The first form of convergence is used in terms of technological tools. In this way, most of useful (and even useless) electronic devices are now integrated in smartphones. In fact, most smartphones include (or will include) features of “traditional” cell phones, but also, devices like cameras, computers (desktop or laptop), electronic agendas, GPS, MP3 players and video game consoles. Moreover, it seems like a matter of time (but perhaps lots of time) before everyone has its own smartphone.
The second form of convergence is translated by the increase in the number of technological tools and transportations that converges to the Internet. Nowadays, it is possible to have access to the Internet in any transportation vehicle (airplanes, cars, boats and trains), as well as via many technological tools (cell phones, computers, interactive digital televisions, interactive kiosks and smartphones).
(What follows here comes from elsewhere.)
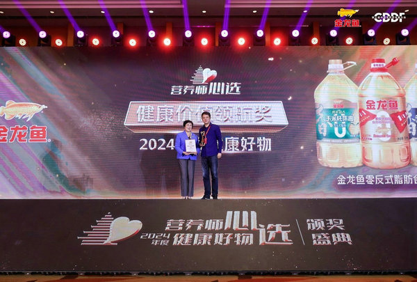 除了權威分享,創意互動展位和2024年度營養師心選健康好物頒獎儀式也是本屆營養師大會的亮點。金龍魚零反式脂肪食用油在技術審核及層層篩選中入選“營養師心選健康好物榜單”,獲得了“健康價值領航”獎。

Linking this second form of convergence with the first form leads me to predict that the convergence in terms of technological tools in smartphones will also result in an explosion in the number of smartphones kit available for any type of other technological tool, similar to the iPod car kit.
Finally, the third form is the convergence of the content of media to the Internet. Thus, more and more media such as advertising billboards, magazines, newspapers, radio stations, SMS, and television networks, produce content that includes an expression such as “visit our website at …”, that refers to a specific Internet website. By linking this form of convergence with the other two, media such as advertising billboards, radio stations, SMS, and television networks, will be able (in a near future) to instantaneously converge to the Internet by using smartphones. In the case of magazines and newspapers, it is still hard to predict what will happen, but the decreasing number of subscribers who actually read them will tend to convey those two media to concentrate their effort towards niche markets.
In conclusion, if the “future is friendly” as the Telus catchphrase proposes, then everyone will end up in the next few years with a smartphone that they will be able to plug everywhere using some sort of kit. So, do you think the future is that friendly?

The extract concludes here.